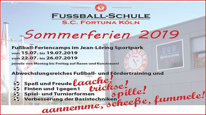 Die Fußball-Schule des S.C. Fortuna Köln e.V. startet in den ersten beiden Wochen der Sommerferien 2019 mit zwei Fußball-Camps im Jean-Löring-Sportpark in der Kölner Südstadt!
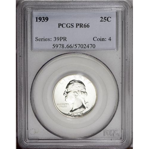 <B>1939<25C> PR66 PCGS.</B></I> A razor-sharp and impressively preserved Gem that features a fully brilliant appearance overall. A perfect type coin selection.
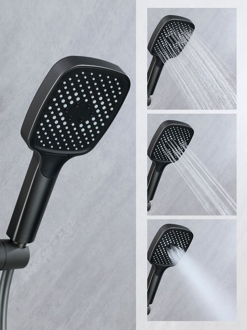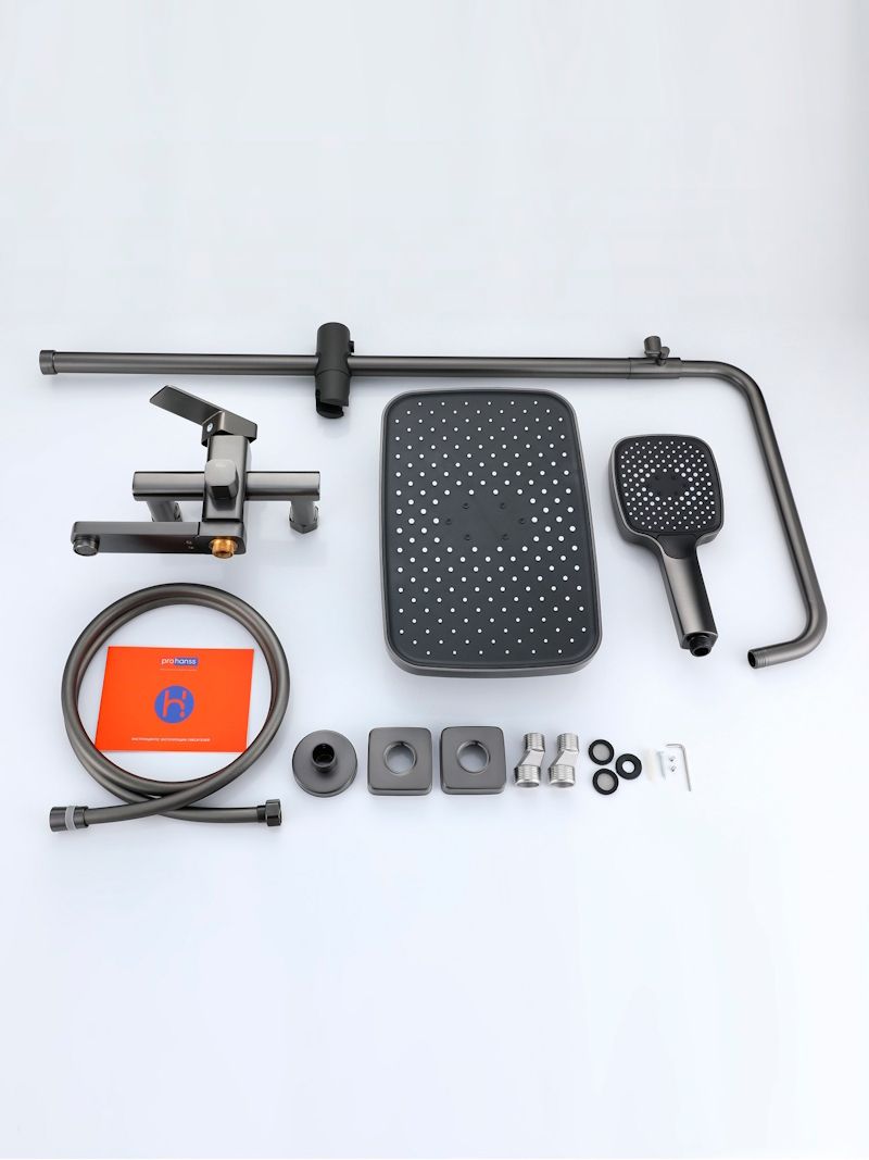 верхний душ, душевая штанга с держателем лейки, ручной душ, смеситель, шланг
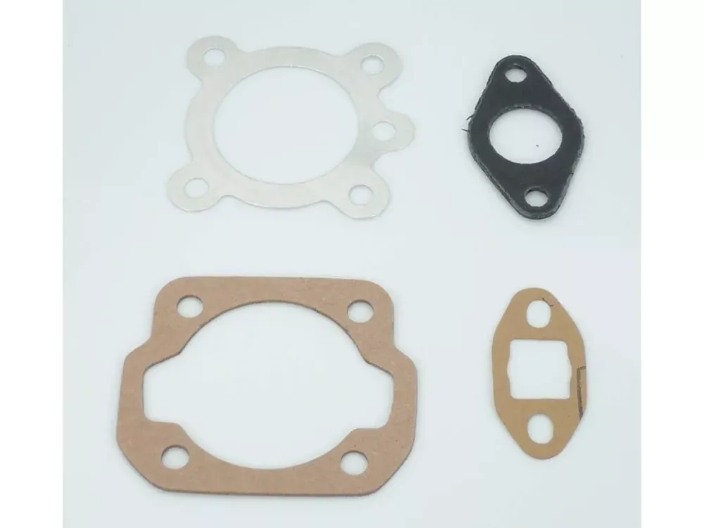 4-teiliger 50ccm Dichtsatz bestehend aus Zylinderkopf- und Fußdichtung, Ansaugdichtung und Krümmerdichtung passend für Puch Monza 1 und 2, R 82 Super TT, Minicross Super, Condor, Grand Prix 3 Speed.
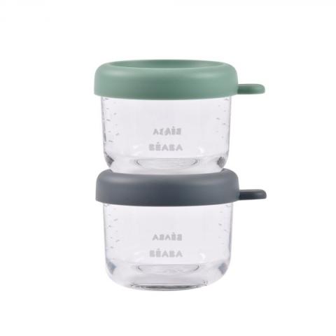 Pots de conservation en verre - Beaba - 2 portions 150 ml minéral/vert sauge
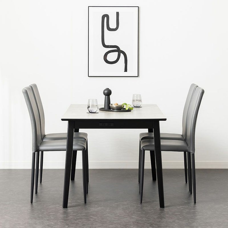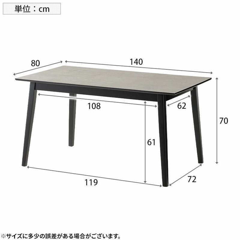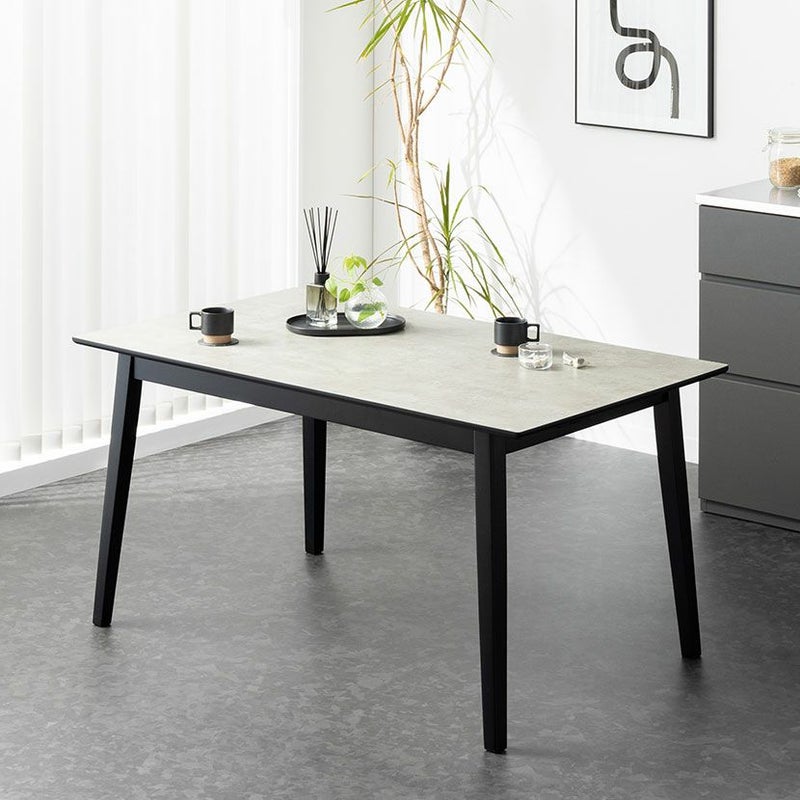 モルタル調の天板とブラック色の脚がモダンテイストの空間を演出するダイニングテーブルです。

☆ ☆ ☆ ☆ ☆

◆ **ABOUT THIS EXERCISE**
Copy exactly, and only, the lines from the first line of the material through the line that contains "<B>1939<25C> PR66 PCGS.</B></I>", both ends kept; no pictures.

◆ **RESPONSE**
 Die Fußball-Schule des S.C. Fortuna Köln e.V. startet in den ersten beiden Wochen der Sommerferien 2019 mit zwei Fußball-Camps im Jean-Löring-Sportpark in der Kölner Südstadt!
 <B>1939<25C> PR66 PCGS.</B></I> A razor-sharp and impressively preserved Gem that features a fully brilliant appearance overall. A perfect type coin selection.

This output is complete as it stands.